This block prints out the first five projections of a sorted query. What "sort" argument fills the blank?

```
docs = list(db.laureates.find(
    {"born": {"$gte": "1900"}, "prizes.year": {"$gte": "1954"}},
    {"born": 1, "prizes.year": 1, "_id": 0},
    sort=____))
for doc in docs[:5]:
    print(doc)
```

```
{'born': '1916-08-25', 'prizes': [{'year': '1954'}]}
{'born': '1915-06-15', 'prizes': [{'year': '1954'}]}
{'born': '1901-02-28', 'prizes': [{'year': '1954'}, {'year': '1962'}]}
{'born': '1913-07-12', 'prizes': [{'year': '1955'}]}
{'born': '1911-01-26', 'prizes': [{'year': '1955'}]}
```

In [16]:
docs = list(db.laureates.find(
    {"born": {"$gte": "1900"}, "prizes.year": {"$gte": "1954"}},
    {"born": 1, "prizes.year": 1, "_id": 0},
    sort=[("prizes.year", 1), ("born", -1)]))
for doc in docs[:5]:
    print(doc)

{'born': '1916-08-25', 'prizes': [{'year': '1954'}]}
{'born': '1915-06-15', 'prizes': [{'year': '1954'}]}
{'born': '1901-02-28', 'prizes': [{'year': '1954'}, {'year': '1962'}]}
{'born': '1913-07-12', 'prizes': [{'year': '1955'}]}
{'born': '1911-01-26', 'prizes': [{'year': '1955'}]}


In [17]:
docs = list(db.laureates.find(
    {"born": {"$gte": "1900"}, "prizes.year": {"$gte": "1954"}},
    {"born": 1, "prizes.year": 1, "_id": 0},
    sort={"prizes.year": 1, "born": -1}))
for doc in docs[:5]:
    print(doc)

TypeError: passing a dict to sort/create_index/hint is not allowed - use a list of tuples instead. did you mean [('prizes.year', 1), ('born', -1)]?

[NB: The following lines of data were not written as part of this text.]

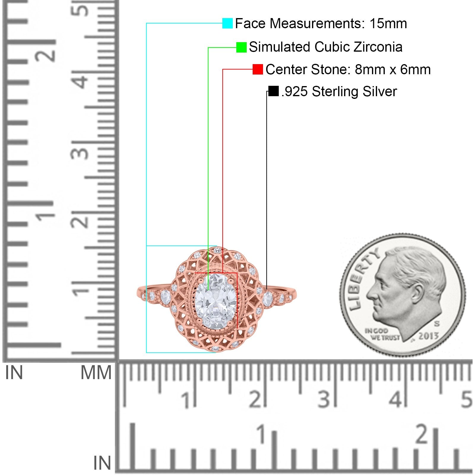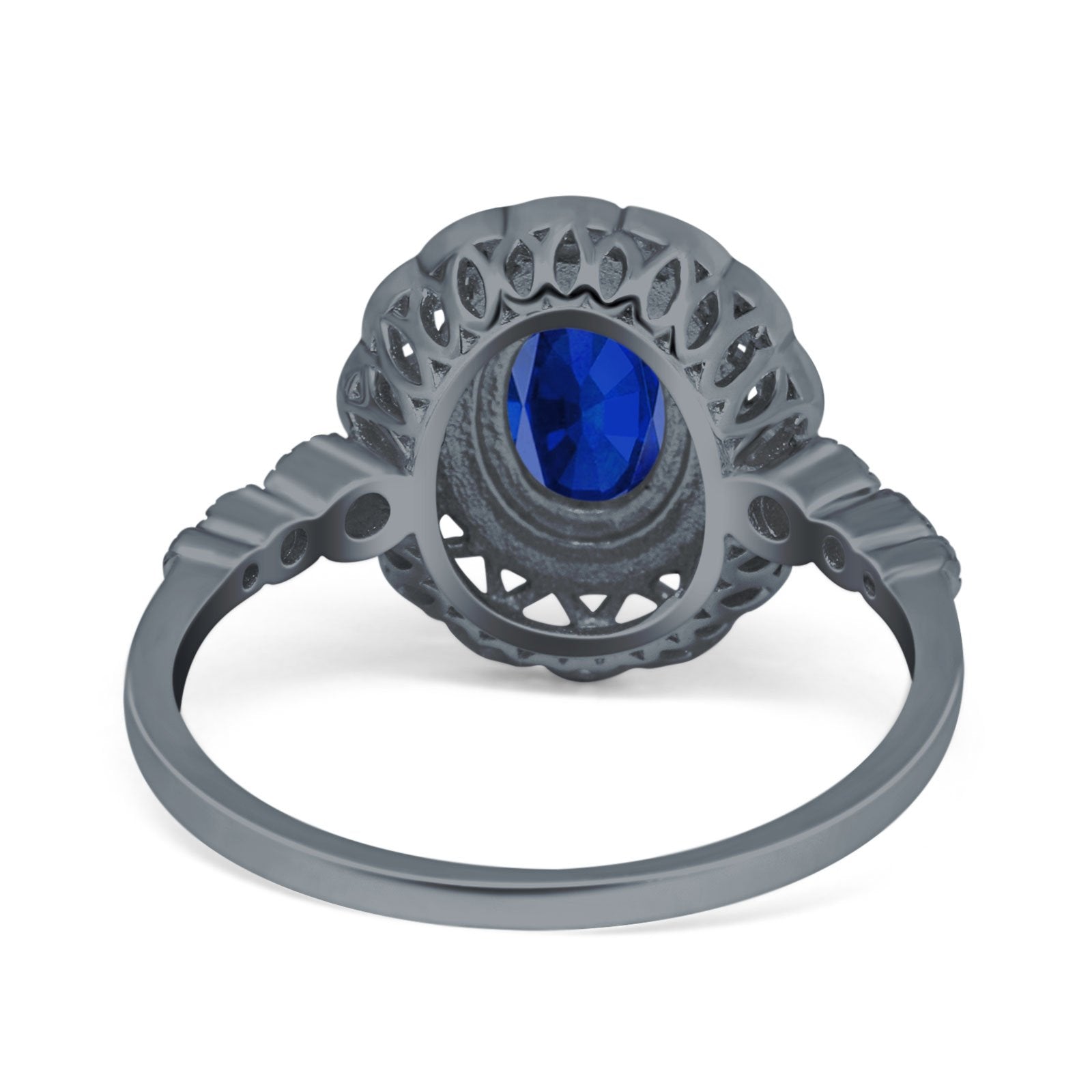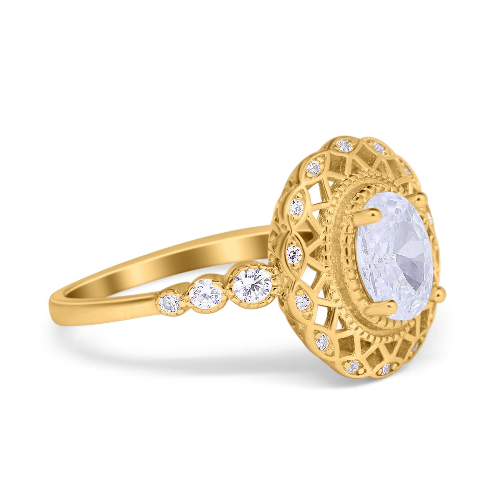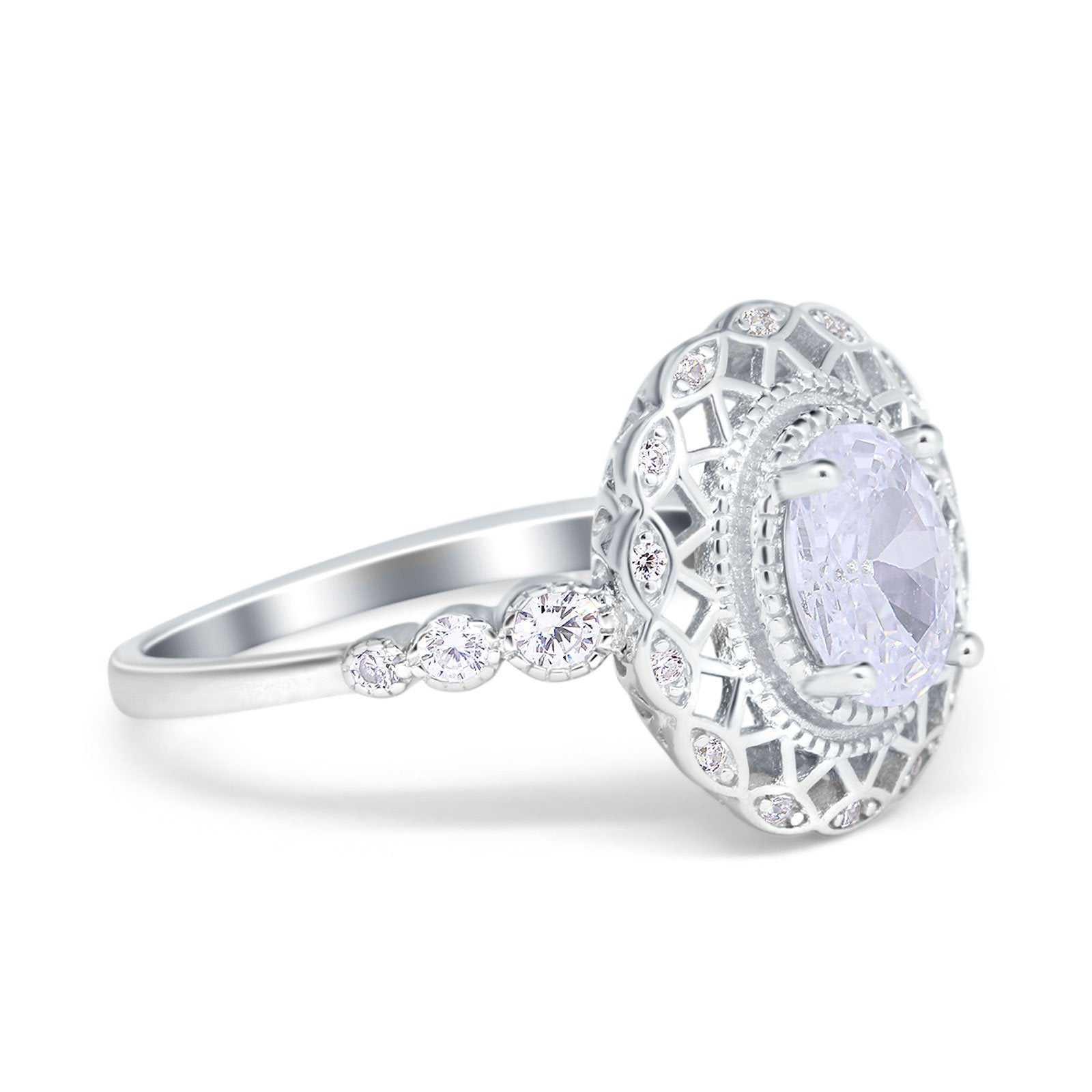 Oval Vintage Art Deco Halo Wedding Engagement Bridal Ring Round Simulated Cubic Zirconia 925 Sterling Silver
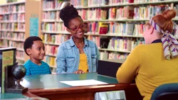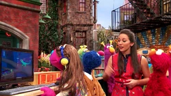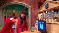 SCENE 1 cont'd | Nina shows Grover how the checkout process works. He's proud to have been so helpful to everyone, except Elmo is leaving the library empty handed. That is, until a volunteer posing as Galactic Gail (Zoë Kravitz) arrives and gives him a copy of the latest issue; Elmo is so starstruck he can barely speak. She checks out his book and leads everyone to the reading area for storytime. |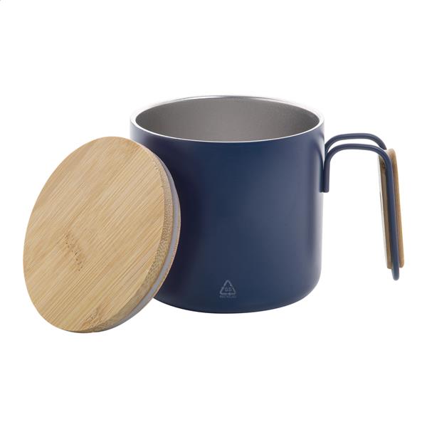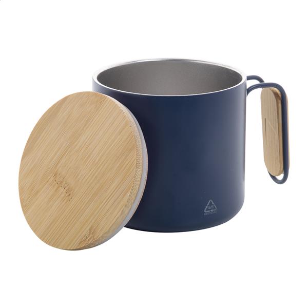 Kubek termiczny ze stali nierdzewnej z recyklingu o podwójnych ściankach, z bambusową pokrywką i uchwytem. 300ml.

# Sorting together: MongoDB + Python
In this exercise you'll explore the prizes in the physics category.You will use Python to sort laureates for one prize by last name, and then MongoDB to sort prizes by year:

```
1901: Röntgen
1902: Lorentz and Zeeman
1903: Becquerel and Curie and Curie, née Sklodowska
```

You'll start by writing a function that takes a prize document as an argument, extracts all the laureates from that document, arranges them in alphabetical order, and returns a string containing the last names separated by " and ".

The Nobel database is again available to you as db. We also pre-loaded a sample document sample_doc so you can test your laureate-extracting function.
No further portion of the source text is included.